Please print every record below exactly as it appears, but leave out the pictures.
[EXTRACTED RECORDS Boundary: Start]
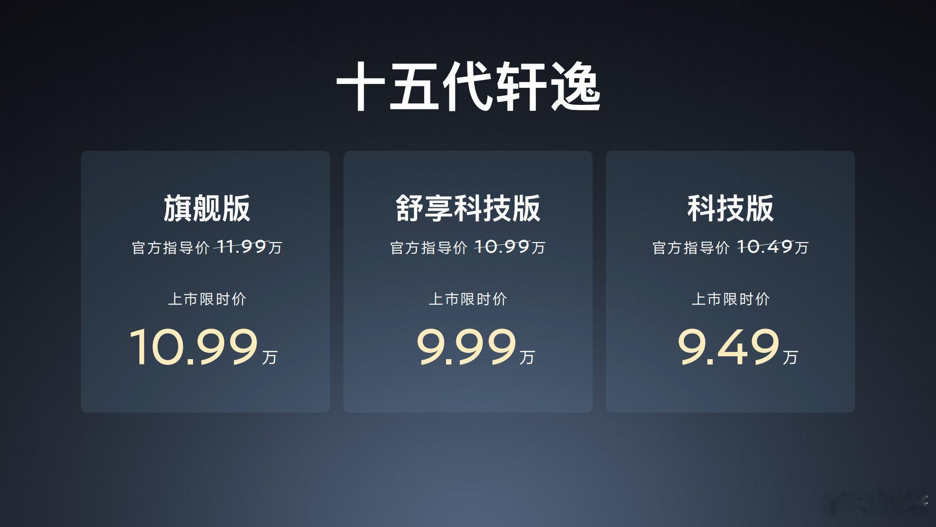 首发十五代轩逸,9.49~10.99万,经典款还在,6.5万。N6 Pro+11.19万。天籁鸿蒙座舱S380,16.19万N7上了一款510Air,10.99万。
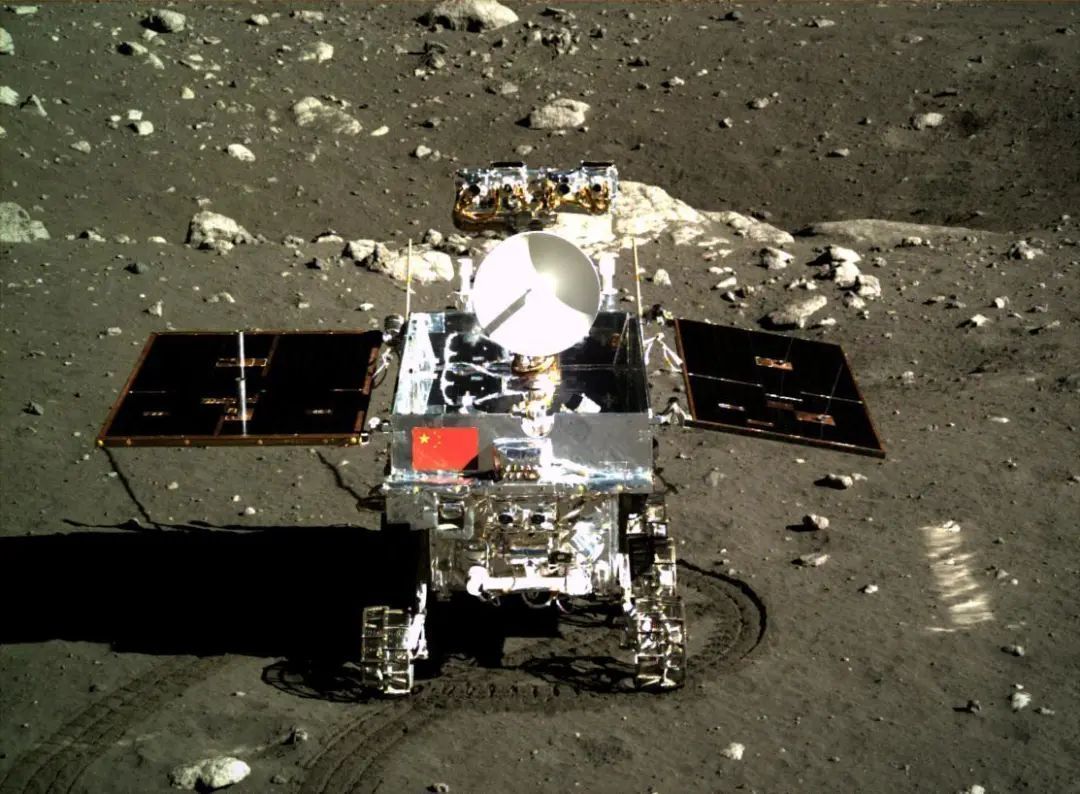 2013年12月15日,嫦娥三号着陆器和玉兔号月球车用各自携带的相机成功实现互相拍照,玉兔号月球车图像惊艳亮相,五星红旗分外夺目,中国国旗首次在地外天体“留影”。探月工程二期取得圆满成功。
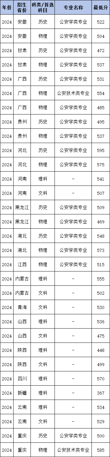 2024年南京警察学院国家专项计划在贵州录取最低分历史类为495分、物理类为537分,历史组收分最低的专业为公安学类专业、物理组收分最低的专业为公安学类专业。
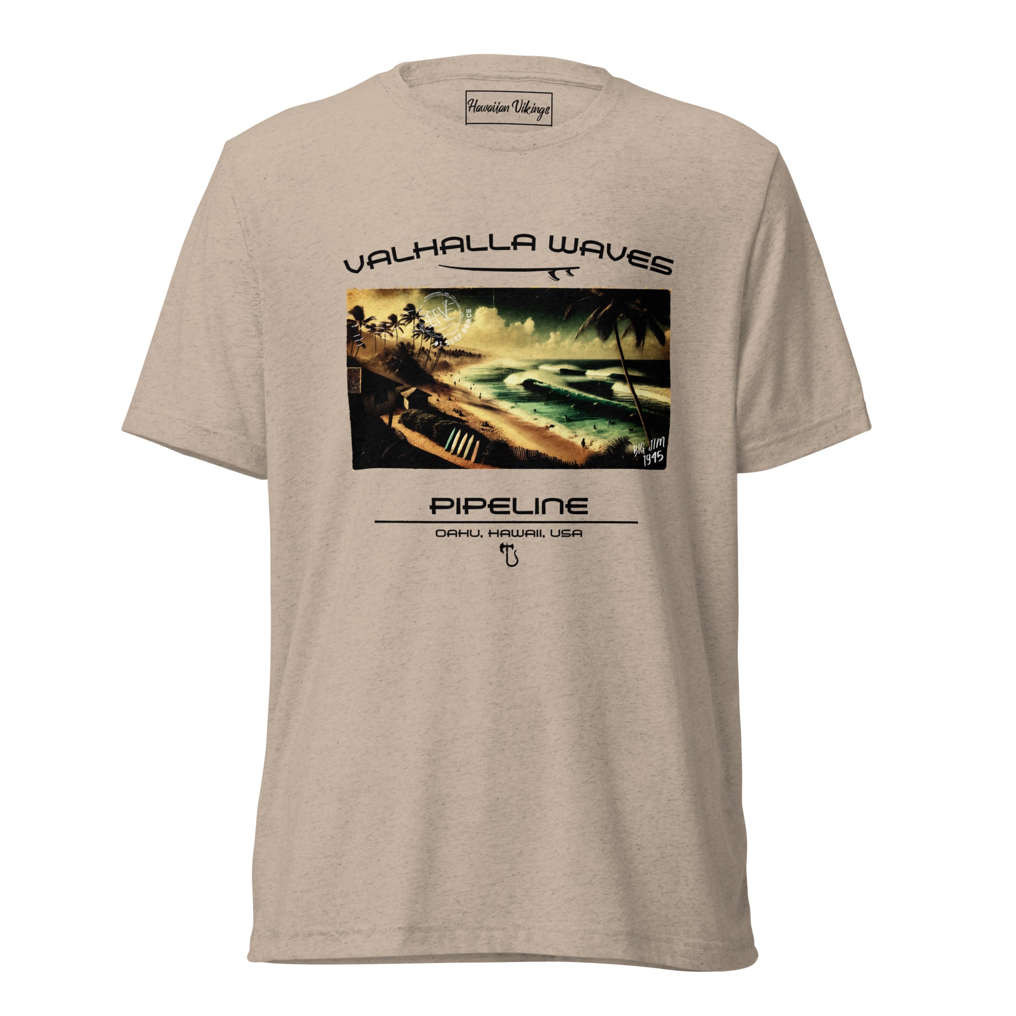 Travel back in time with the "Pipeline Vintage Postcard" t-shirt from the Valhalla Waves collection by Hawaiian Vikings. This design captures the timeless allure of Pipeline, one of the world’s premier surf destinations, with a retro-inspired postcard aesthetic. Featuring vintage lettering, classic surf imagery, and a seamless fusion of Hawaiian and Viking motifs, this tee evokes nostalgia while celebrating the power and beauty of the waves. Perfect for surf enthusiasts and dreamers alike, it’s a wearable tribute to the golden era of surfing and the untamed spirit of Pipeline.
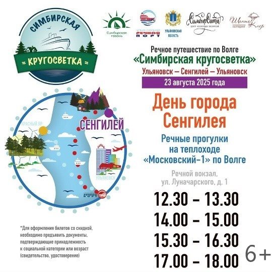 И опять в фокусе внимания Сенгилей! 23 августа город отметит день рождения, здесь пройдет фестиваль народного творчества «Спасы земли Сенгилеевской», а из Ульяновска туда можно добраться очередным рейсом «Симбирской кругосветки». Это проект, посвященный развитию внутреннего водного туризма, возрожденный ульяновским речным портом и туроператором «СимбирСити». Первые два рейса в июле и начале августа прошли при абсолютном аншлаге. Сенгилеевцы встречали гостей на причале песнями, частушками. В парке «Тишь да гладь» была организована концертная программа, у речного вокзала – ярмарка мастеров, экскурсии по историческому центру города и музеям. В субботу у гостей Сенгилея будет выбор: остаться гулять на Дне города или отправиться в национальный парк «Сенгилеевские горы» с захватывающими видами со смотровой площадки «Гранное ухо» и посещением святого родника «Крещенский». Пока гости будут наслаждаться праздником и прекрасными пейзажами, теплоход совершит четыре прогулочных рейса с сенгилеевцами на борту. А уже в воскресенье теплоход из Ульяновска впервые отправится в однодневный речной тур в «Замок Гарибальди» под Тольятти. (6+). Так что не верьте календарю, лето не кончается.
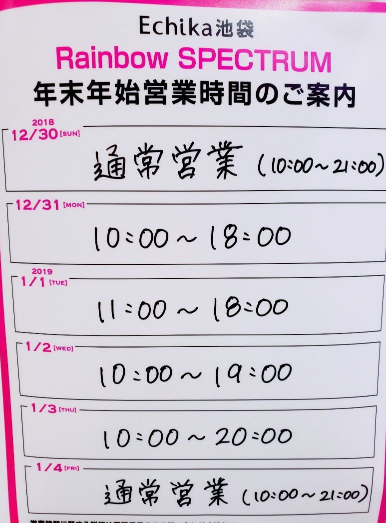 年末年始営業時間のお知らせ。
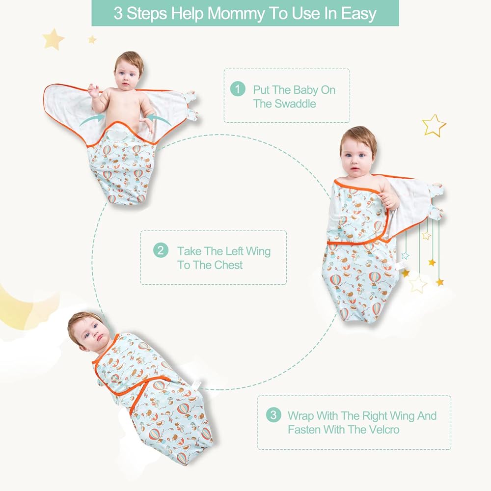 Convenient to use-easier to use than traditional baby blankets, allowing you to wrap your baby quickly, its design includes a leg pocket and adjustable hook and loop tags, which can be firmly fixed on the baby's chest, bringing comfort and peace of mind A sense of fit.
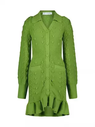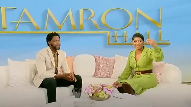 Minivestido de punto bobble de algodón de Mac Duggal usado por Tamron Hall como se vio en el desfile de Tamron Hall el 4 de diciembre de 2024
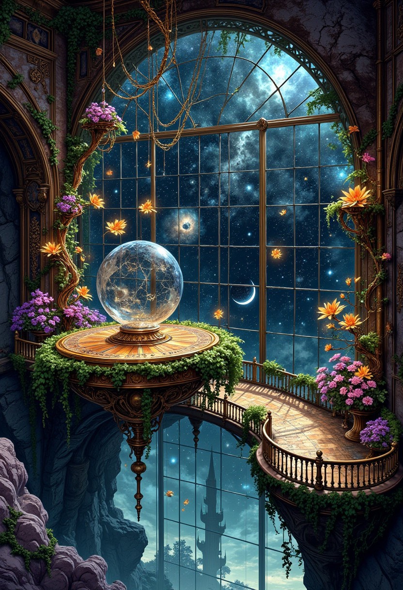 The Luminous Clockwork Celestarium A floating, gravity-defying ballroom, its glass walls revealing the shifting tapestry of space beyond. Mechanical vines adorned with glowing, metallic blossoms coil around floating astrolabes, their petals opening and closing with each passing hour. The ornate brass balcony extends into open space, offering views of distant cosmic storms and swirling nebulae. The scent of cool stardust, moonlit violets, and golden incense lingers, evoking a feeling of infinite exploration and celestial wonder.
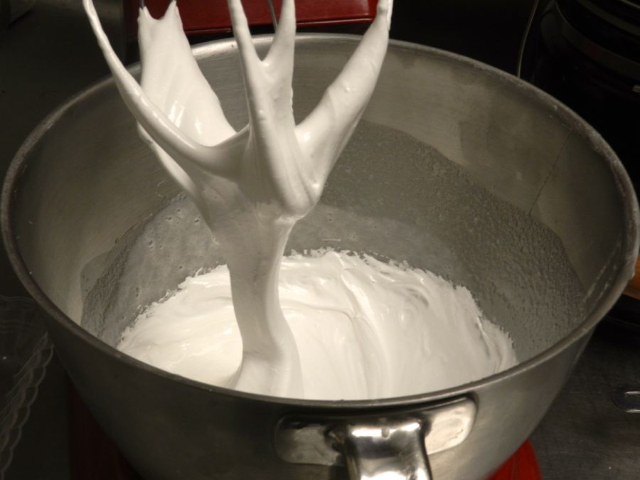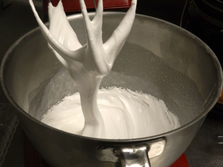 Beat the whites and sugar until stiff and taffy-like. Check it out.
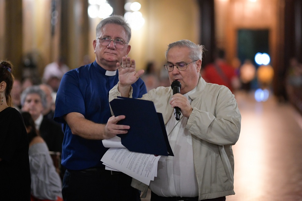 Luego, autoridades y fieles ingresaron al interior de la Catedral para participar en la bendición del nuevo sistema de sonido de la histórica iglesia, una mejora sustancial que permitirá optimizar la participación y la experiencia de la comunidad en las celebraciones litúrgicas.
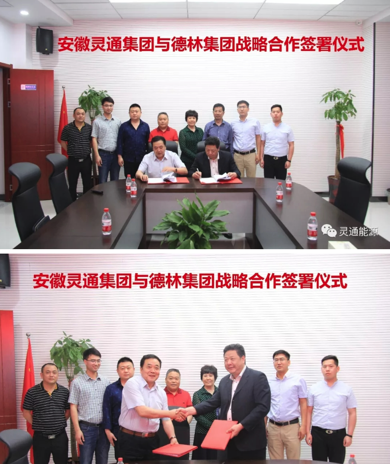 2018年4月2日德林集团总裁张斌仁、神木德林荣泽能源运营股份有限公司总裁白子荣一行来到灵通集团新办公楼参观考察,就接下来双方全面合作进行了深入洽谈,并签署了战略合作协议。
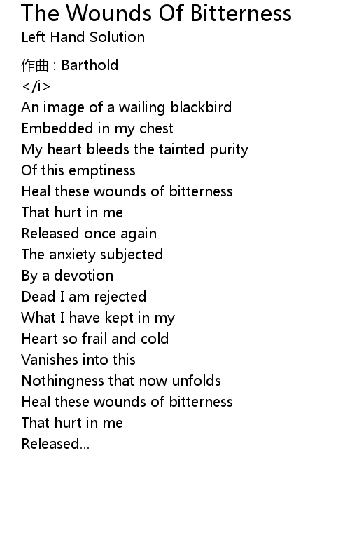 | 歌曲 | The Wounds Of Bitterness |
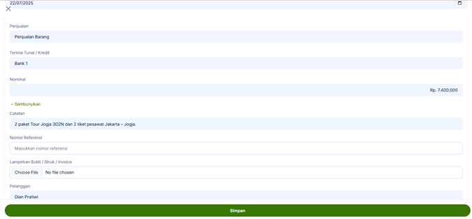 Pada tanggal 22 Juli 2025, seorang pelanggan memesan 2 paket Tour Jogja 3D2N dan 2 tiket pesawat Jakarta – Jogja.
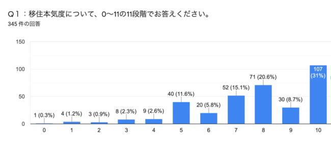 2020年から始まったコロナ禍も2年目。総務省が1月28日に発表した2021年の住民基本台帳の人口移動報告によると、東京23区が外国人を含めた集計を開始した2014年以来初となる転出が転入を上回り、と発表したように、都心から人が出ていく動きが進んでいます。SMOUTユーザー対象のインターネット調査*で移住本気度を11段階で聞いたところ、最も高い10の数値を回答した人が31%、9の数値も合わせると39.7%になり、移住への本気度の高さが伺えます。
[EXTRACTED RECORDS Boundary: End]
OUTPUT OF THE EXERCISE:
 首发十五代轩逸,9.49~10.99万,经典款还在,6.5万。N6 Pro+11.19万。天籁鸿蒙座舱S380,16.19万N7上了一款510Air,10.99万。
 2013年12月15日,嫦娥三号着陆器和玉兔号月球车用各自携带的相机成功实现互相拍照,玉兔号月球车图像惊艳亮相,五星红旗分外夺目,中国国旗首次在地外天体“留影”。探月工程二期取得圆满成功。
 2024年南京警察学院国家专项计划在贵州录取最低分历史类为495分、物理类为537分,历史组收分最低的专业为公安学类专业、物理组收分最低的专业为公安学类专业。
 Travel back in time with the "Pipeline Vintage Postcard" t-shirt from the Valhalla Waves collection by Hawaiian Vikings. This design captures the timeless allure of Pipeline, one of the world’s premier surf destinations, with a retro-inspired postcard aesthetic. Featuring vintage lettering, classic surf imagery, and a seamless fusion of Hawaiian and Viking motifs, this tee evokes nostalgia while celebrating the power and beauty of the waves. Perfect for surf enthusiasts and dreamers alike, it’s a wearable tribute to the golden era of surfing and the untamed spirit of Pipeline.
 И опять в фокусе внимания Сенгилей! 23 августа город отметит день рождения, здесь пройдет фестиваль народного творчества «Спасы земли Сенгилеевской», а из Ульяновска туда можно добраться очередным рейсом «Симбирской кругосветки». Это проект, посвященный развитию внутреннего водного туризма, возрожденный ульяновским речным портом и туроператором «СимбирСити». Первые два рейса в июле и начале августа прошли при абсолютном аншлаге. Сенгилеевцы встречали гостей на причале песнями, частушками. В парке «Тишь да гладь» была организована концертная программа, у речного вокзала – ярмарка мастеров, экскурсии по историческому центру города и музеям. В субботу у гостей Сенгилея будет выбор: остаться гулять на Дне города или отправиться в национальный парк «Сенгилеевские горы» с захватывающими видами со смотровой площадки «Гранное ухо» и посещением святого родника «Крещенский». Пока гости будут наслаждаться праздником и прекрасными пейзажами, теплоход совершит четыре прогулочных рейса с сенгилеевцами на борту. А уже в воскресенье теплоход из Ульяновска впервые отправится в однодневный речной тур в «Замок Гарибальди» под Тольятти. (6+). Так что не верьте календарю, лето не кончается.
 年末年始営業時間のお知らせ。
 Convenient to use-easier to use than traditional baby blankets, allowing you to wrap your baby quickly, its design includes a leg pocket and adjustable hook and loop tags, which can be firmly fixed on the baby's chest, bringing comfort and peace of mind A sense of fit.
 Minivestido de punto bobble de algodón de Mac Duggal usado por Tamron Hall como se vio en el desfile de Tamron Hall el 4 de diciembre de 2024
 The Luminous Clockwork Celestarium A floating, gravity-defying ballroom, its glass walls revealing the shifting tapestry of space beyond. Mechanical vines adorned with glowing, metallic blossoms coil around floating astrolabes, their petals opening and closing with each passing hour. The ornate brass balcony extends into open space, offering views of distant cosmic storms and swirling nebulae. The scent of cool stardust, moonlit violets, and golden incense lingers, evoking a feeling of infinite exploration and celestial wonder.
 Beat the whites and sugar until stiff and taffy-like. Check it out.
 Luego, autoridades y fieles ingresaron al interior de la Catedral para participar en la bendición del nuevo sistema de sonido de la histórica iglesia, una mejora sustancial que permitirá optimizar la participación y la experiencia de la comunidad en las celebraciones litúrgicas.
 2018年4月2日德林集团总裁张斌仁、神木德林荣泽能源运营股份有限公司总裁白子荣一行来到灵通集团新办公楼参观考察,就接下来双方全面合作进行了深入洽谈,并签署了战略合作协议。
 | 歌曲 | The Wounds Of Bitterness |
 Pada tanggal 22 Juli 2025, seorang pelanggan memesan 2 paket Tour Jogja 3D2N dan 2 tiket pesawat Jakarta – Jogja.
 2020年から始まったコロナ禍も2年目。総務省が1月28日に発表した2021年の住民基本台帳の人口移動報告によると、東京23区が外国人を含めた集計を開始した2014年以来初となる転出が転入を上回り、と発表したように、都心から人が出ていく動きが進んでいます。SMOUTユーザー対象のインターネット調査*で移住本気度を11段階で聞いたところ、最も高い10の数値を回答した人が31%、9の数値も合わせると39.7%になり、移住への本気度の高さが伺えます。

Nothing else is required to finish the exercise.